Motocross
Alles tut weh: die Oberschenkel brennen, die Schultern schmerzen, die Unterarme sind bereits ohne Gefühl. Der Schädel dröhnt noch zusammen mit dem dumpfen Schmerz der kompletten rechten Seite vom Sturz gestern bei der Qualifikation. In diesem Moment schiesst dir eine Fontäne aus Dreck und Steinen vom Hinterrad deines Vordermanns entgegen. Noch während du das Prasseln auf dem Startnummernschild hörst, spürst du schon die Einschläge auf Brustpanzer, Hals und Gesicht. Tränen schiessen dir in die Augen, als ein Stein punktgenau auf die Knöchel der rechten Hand trifft.
Und das, wo du gerade die Bremse vor diesem tückischen Anlieger der nächsten Kurve ziehen musst. Mit verschwommmenem Blick visierst du die Kurve an. Widerwillig stemmst du dich gegen die Verzögerungskräfte. Deine Arme können dagegen nicht mehr viel ausrichten, deshalb schlägt dir der Lenker in die Hände.
Ein kurzer Adrenalinstoss lässt dich die Schmerzen vergessen, als du kurz daran zweifelst, ob du die Kurve noch erwischt. Irgendwie schaffst du es nochmal, das Bike in Schräglage zu bringen und du geniesst den Moment, dich kurz hinsetzen zu können. Mit einem kurzen Rupfer an der Kupplung ziehst du das Gas am Kurvenausgang voll auf. Der Motor dröhnt auf, Vibration durchziehen deinen geschundenen Körper. Widerwillig tänzelt das Hinterrad durchdrehend hin und her bevor es den Anlieger voll erwischt und dich nach vorne katapuliert. Sofort bereust du aus Kraftgründen nicht aufgestanden zu sein, als dir das Heck in den Beschleunigungswellen ins Kreuz schlägt.

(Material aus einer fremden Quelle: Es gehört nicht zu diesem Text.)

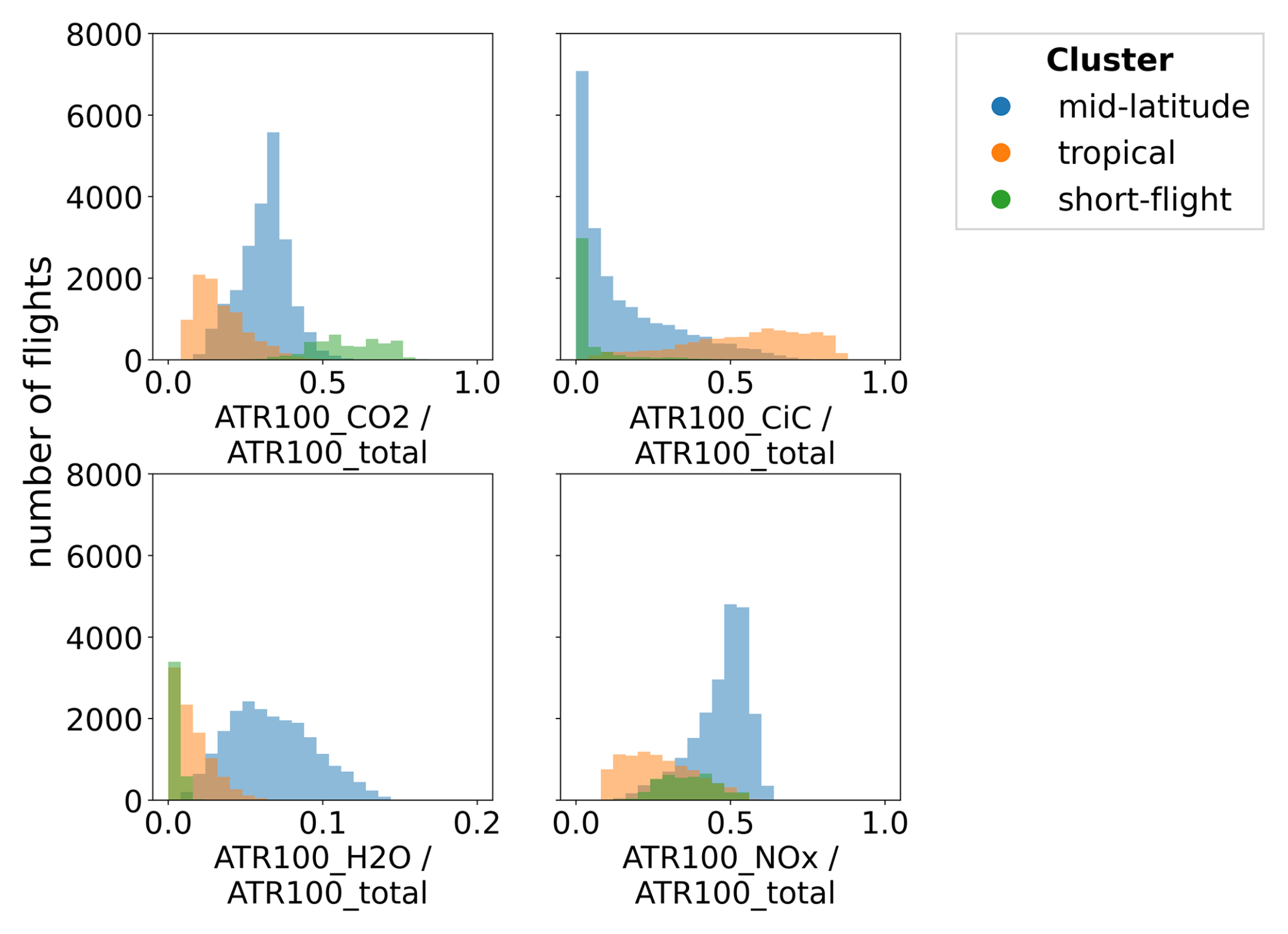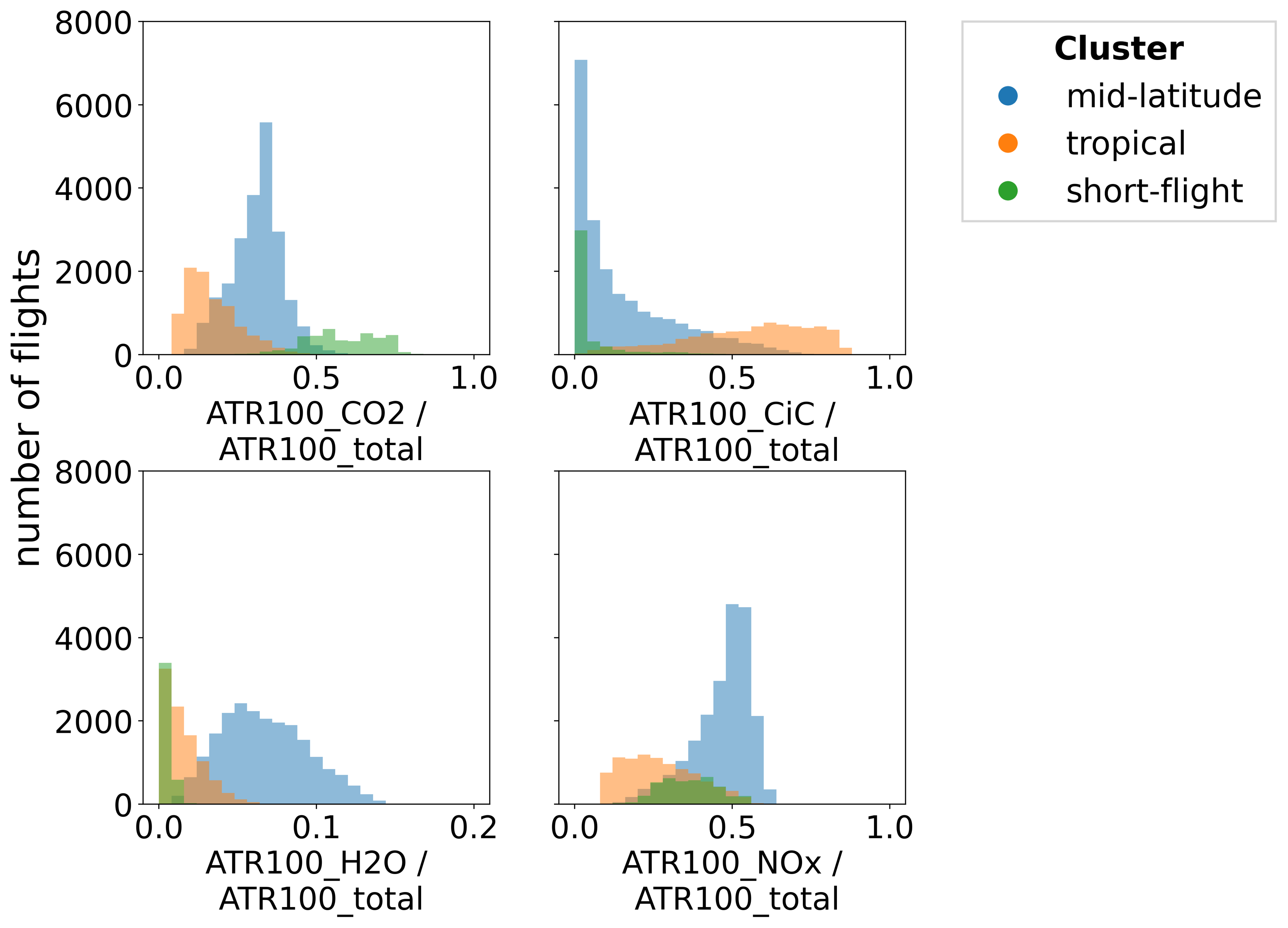 Figure 3Number of flights as function of ratio of the individual climate effect components (CO2, CiC, H2O, and NOx) to the total climate effect for the 3 flight clusters.

Der Beschleunigungsrausch lässt dich wieder den Vordermann anvisieren, der dir scheinbar mit Absicht wieder seinen Roost entgegenschleudert. Diesmal hast du aber eine andere Linie gewählt. Mit dem Motor am Drehzahlbregrenzer fährst du wide open über die 22 Spurrillen auf den Table zu. du weisst, du kannst ihn nur dort überholen, wenn du einfach schneller über den Table fährst. Schneller als sonst. Schneller als du dir zutraust. Schneller über eine andere Linie als sonst. Schneller als vor einigen Wochen, als dich der Table zu drei Wochen Pause gezwungen hatte. Du hebst ab und geniesst diesen kurzen Moment der Stille. Du siehst, dass dein Gegner nicht deinen Mut hatte und hinter dir zurückbleibt. Trotzdem hast du ein ungutes Gefühl. Du bist viel höher als sonst. Als du die Landung anvisiert, stellst du fest, dass du sie nicht mehr erwischen wirst. Du bereitest dich auf den Einschlag vor. Dieses Gefühl kommt dir bekannt vor. Es scheint eine Ewigkeit zu dauern.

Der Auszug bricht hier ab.